Re: [bug-grep] Re: grep: -i option not working i cronjobs

From: Aharon Robbins
Subject: Re: [bug-grep] Re: grep: -i option not working i cronjobs
Date: Sun, 14 Nov 2004 14:09:22 +0200

> > Careful here.  As I just recently learned, there are languages where
> > a lower case character is one byte and the upper case equivalent is a
> > multibyte character.  (Or vice versa, I don't remember.)  Thus, the
> > 'a' -> '[aA]' solution is fine for ASCII, but doesn't generalize for other
> > character sets.  Or least not simply.
> Having a single-byte character and a multi-byte character in the same
> character class works fine here in UTF-8.  Why do you think there
> would be problems with this approach?
> Tim.

I don't know if there would be problems or if there wouldn't be, but
the code doing this can't be naive and just do

        if (ignoring case) {
                buffer[i++] = '[';
                buffer[i++] = c;
                buffer[i++] = toupper(c);
                buffer[i++] = ']';

It has to be somewhat smarter.  Also, UTF-8 isn't the only multibyte
encoding that GLIBC and thus GNU can handle...
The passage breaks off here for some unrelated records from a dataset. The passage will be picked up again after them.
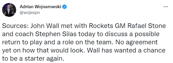 ESPN名记沃纳罗斯基报道,约翰-沃尔今天会见了火箭队总经理拉斐尔-斯通和教练斯蒂芬-赛拉斯,讨论了重返赛场和在球队中的角色;沃尔希望首发出战,双方未就沃尔在球队的角色定位达成一致。
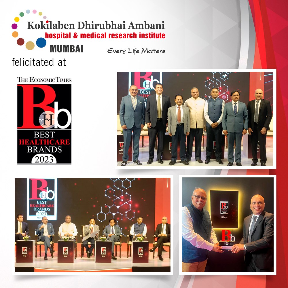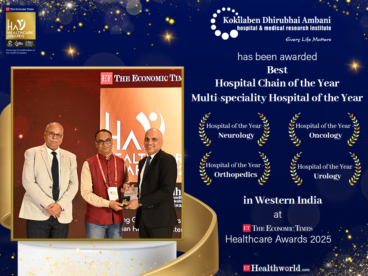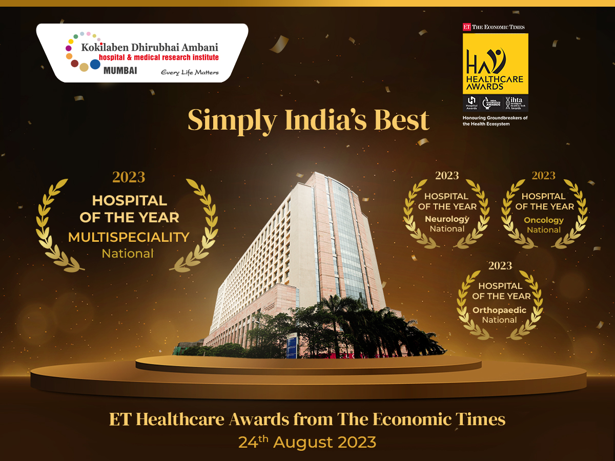Kokilaben Dhirubhai Ambani Hospital, Mumbai is truly honoured to receive the "Hospital of the Year - Multispeciality, National", "Hospital of the Year - Oncology, National", "Hospital of the Year - Neurology, National" & "Hospital of the Year - Orthopaedic, National" Awards at the prestigious ET Healthcare Awards 2023 held in New Delhi on 24th August. Our continuous efforts to excel in healthcare are indeed making a positive impact on the medical field and the lives of the people we serve. We dedicate these awards to our entire team, the doctors, the nurses, and every member of the staff and above all, the community at large for reposing its trust in us.
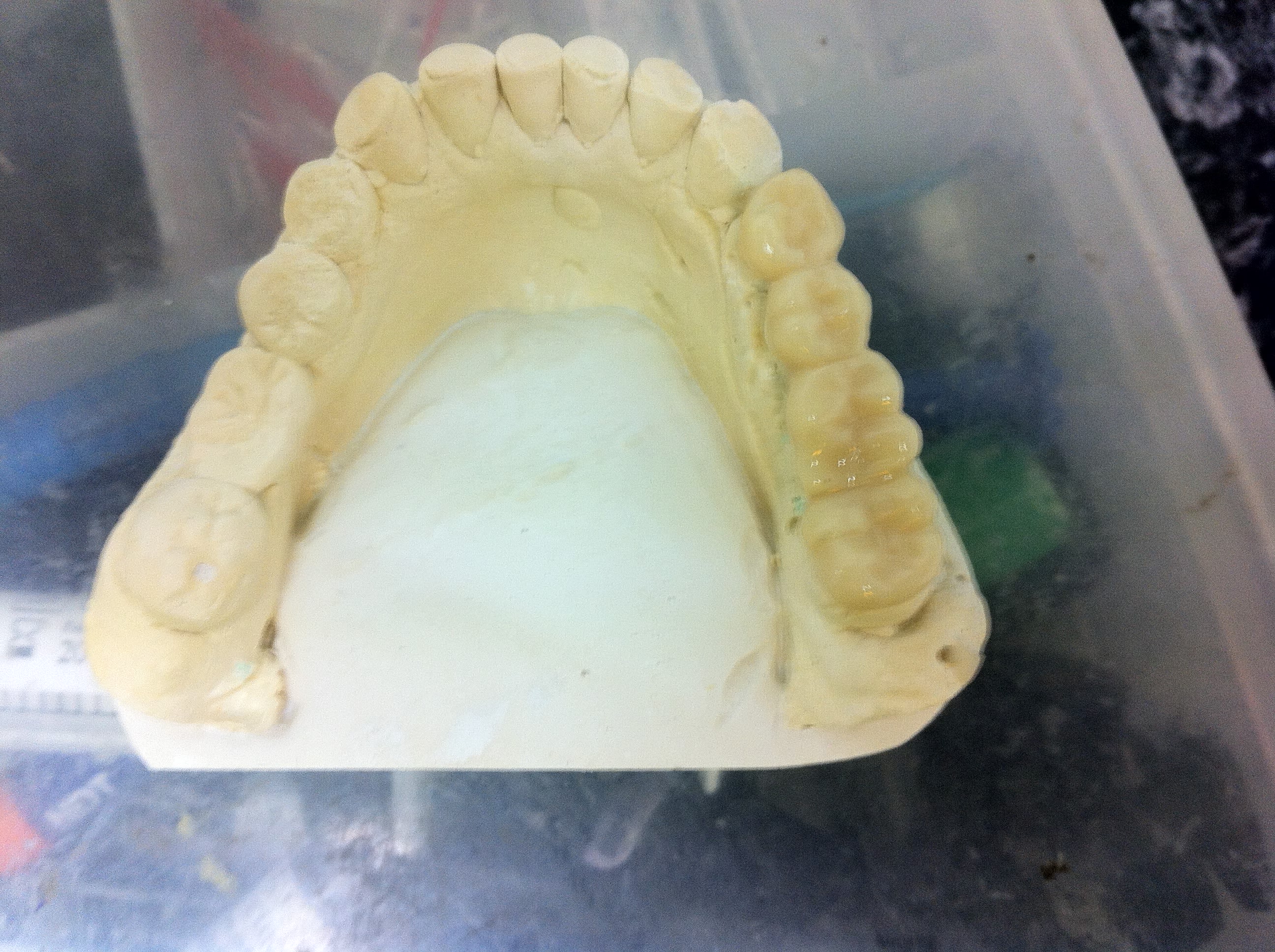 dans les cas de reconstruction etendu il faut tjs commencer le wax par les incisives du bas . le but cherché etant de reconstruire leurs bord libre le plus fin possible . ( comme des incisives non usées .)
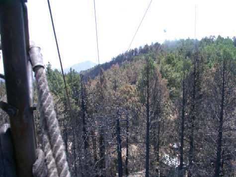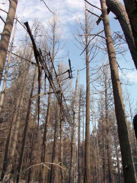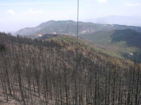 ![]() Fire stopped just West of our site. Note scorched trees marking it's end. |
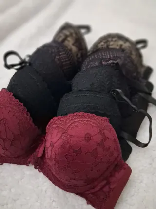 Set di 5 reggiseni con coppe e ferretto, disponibili in diversi colori. Usati qualche volta, pari al nuovo. Taglia 34/75 Coppa B. Corrispondente a seconda. - Design in pizzo. - Spalline regolabili.
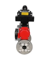 Кран шаровой DN.ru BV3232P(3pc)-FP-F-ISO-H Ду25 Ру40, трехсоставной полнопроходной фланцевый, нержавеющая сталь SS316, уплотнение - PTFE, с пневмоприводом PA-DA-052 двойного действия, с пневмораспределителем 4М310-08 220В NAMUR, с БКВ APL-410N EX

I'm a parochial American and thus find all the multibyte stuff to
be a pain, but that's just me personally. :-)  Gawk still isn't
really multibyte aware.  For example, the length() function returns
bytes, not characters, and I have no idea as to whether index()
really works correctly in multibyte characters.  Similar for substr().
(If anyone here is a guru and wants to help out with these things,
let me know! :-)